- Born: Giuseppe Alessandro Maria Zito September 1, 1883 Serre, Campania, Italy
- Died: October 22, 1932 (aged 49) Jersey City, New Jersey, U.S.
- Resting place: Bayview – New York Bay Cemetery
- Occupation: Elevator operator
- Known for: Saving over 100 lives in the Triangle Shirtwaist Factory fire
- Children: 7

= Joseph Zito (elevator operator) =

Hero during Triangle Shirtwaist factory fire

Joseph A. Zito (September 1, 1883 – October 22, 1932), born Giuseppe Alessandro Maria Zito, was an Italian-American elevator operator who saved over 100 lives during the Triangle Shirtwaist Factory fire on March 25, 1911.

== Early life ==
Zito was born in Serre, Campania, Italy. He emigrated to the United States at age 19 and had been employed by the Triangle Waist Company for six months when the fire occurred.

== Triangle Fire heroism ==
During the fire at the Triangle Waist Company in Manhattan, Zito made between eight and twenty elevator trips through smoke and flames, evacuating workers from the 8th, 9th, and 10th floors. He continued operating until fire engulfed the elevator shaft, sustaining severe burns and stab wounds from scissors held by panicked workers trying to board.

Zito later recounted hearing bodies hitting the roof of his elevator car and the sound of coins from workers' pay envelopes falling through the grating. In his testimony to The New York Times, he described finding "a group of girls screaming and pressing up against the door" at the eighth floor, with factory co-owner Isaac Harris telling them to stay back and let women evacuate first.

== Aftermath and recognition ==
District Attorney Charles Seymour Whitman, who interviewed Zito at the scene, stated: "He is a hero, every inch of him." Whitman ensured Zito received medical attention for his injuries and was released from police custody.

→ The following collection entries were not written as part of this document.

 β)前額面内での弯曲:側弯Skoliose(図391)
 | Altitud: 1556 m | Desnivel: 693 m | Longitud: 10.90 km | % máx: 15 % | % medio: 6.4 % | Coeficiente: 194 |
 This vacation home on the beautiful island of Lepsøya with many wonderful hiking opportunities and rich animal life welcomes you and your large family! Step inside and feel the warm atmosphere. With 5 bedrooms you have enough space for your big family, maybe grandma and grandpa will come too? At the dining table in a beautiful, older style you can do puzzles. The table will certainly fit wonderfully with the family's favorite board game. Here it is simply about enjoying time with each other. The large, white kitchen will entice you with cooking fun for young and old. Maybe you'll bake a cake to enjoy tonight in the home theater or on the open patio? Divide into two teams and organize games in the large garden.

The Charity Organization Society provided $400 to support Zito's family during his recovery. His wife suffered a miscarriage upon learning of the fire. Zito received medals from La Societa' Reduci, the Foresters of America, and the Italian government for his heroism.

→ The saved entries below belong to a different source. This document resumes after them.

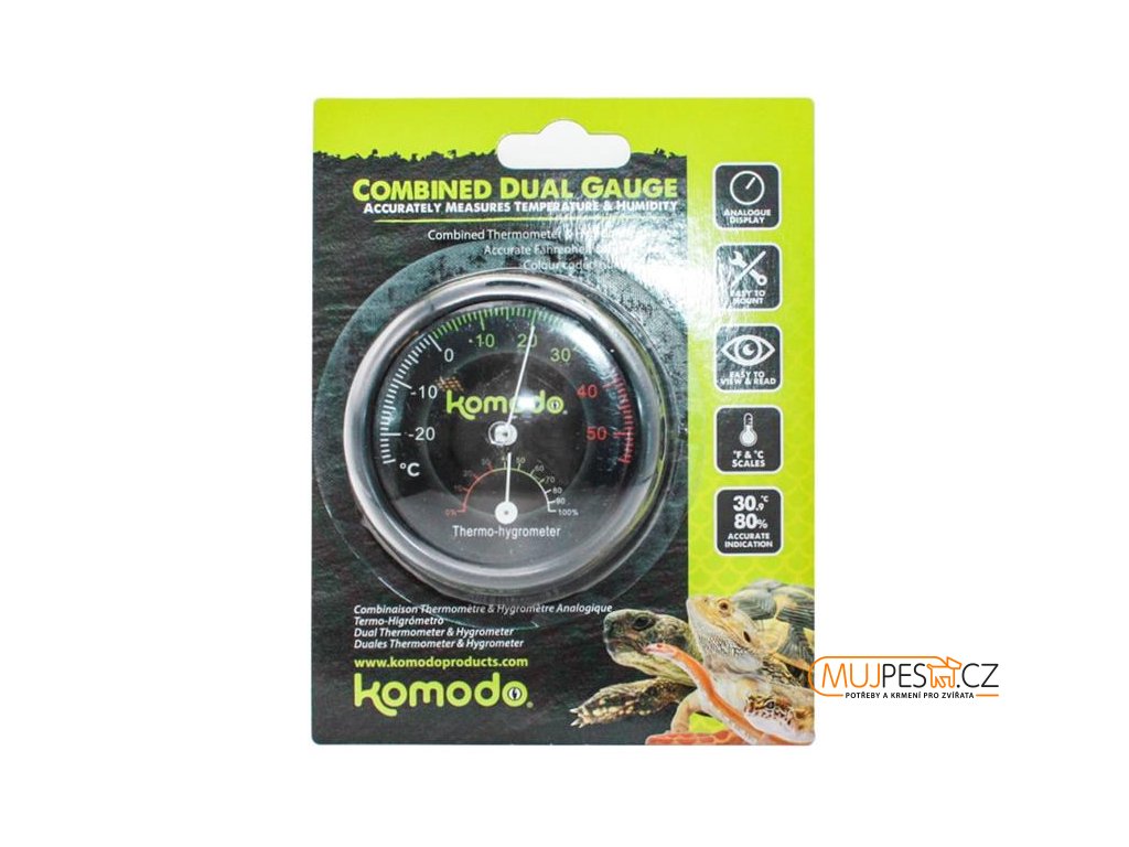 Sledování teploty a vlhkosti v teráriu je nezbytné pro úspěšný chov jakéhokoli terarijního zvířete. Kombinovaný teploměr a vlhkoměr Komodo s analogovým displejem má vše, co k tomu potřebujete.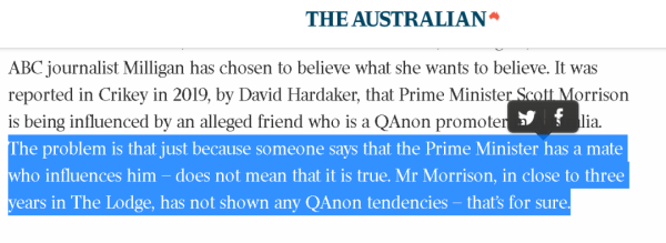 结果,这篇报道也立刻给支持莫里森的默多克新闻集团送去了炮弹。该集团旗下的《澳大利亚人报》在一篇关于此事的评论文章中就抛出了这样一个说法:虽然有人说莫里森被他那个“匿名者Q”组织的朋友影响了,但这种说法不应该被当成事实。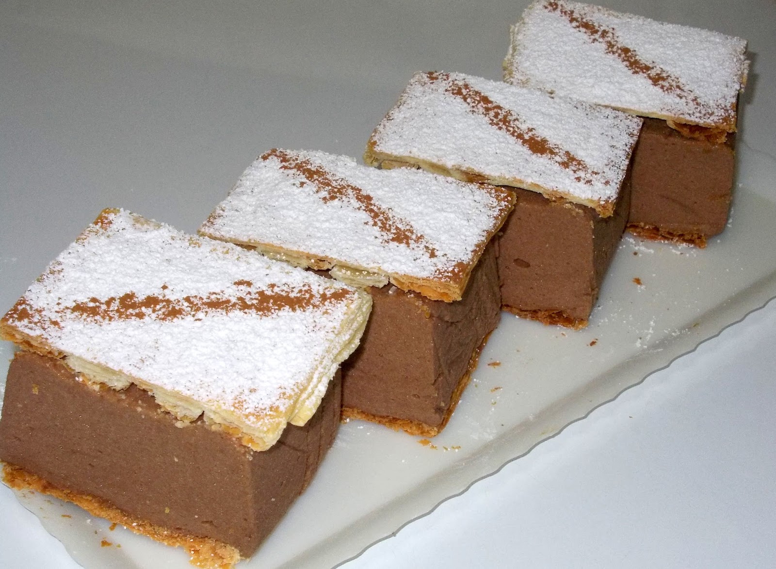 Mil folhas, um pastel que adoro. Já experimentei o tradicional, cuja receita está aqui. E andava com curiosidade para a versão chocolate. Procurei e encontrei no blogue Pratos e Travessas uma versão que me agradou. Alterei, até porque dobrei as quantidades, e devo dizer que ficaram muito bons!

== Later life and death ==
Zito's injuries left him with lifelong health problems. He died penniless at age 49, having refused bribes during the fire investigation. Four years before his death, he lost his position at the Erie Railroad Camp in Croxton, Jersey City, and remained unemployed. He was buried at Bayview – New York Bay Cemetery after funeral services attended by family, friends, and fellow members of Veritas Lodge Number 228, Free and Accepted Masons.

== Legacy ==
In 2017, his hometown of Serre, Italy, named a street "Vicolo Giuseppe Zito" in his honor. Materials related to Zito's life are preserved at Cornell University Library's Kheel Center for Labor-Management Documentation and Archives.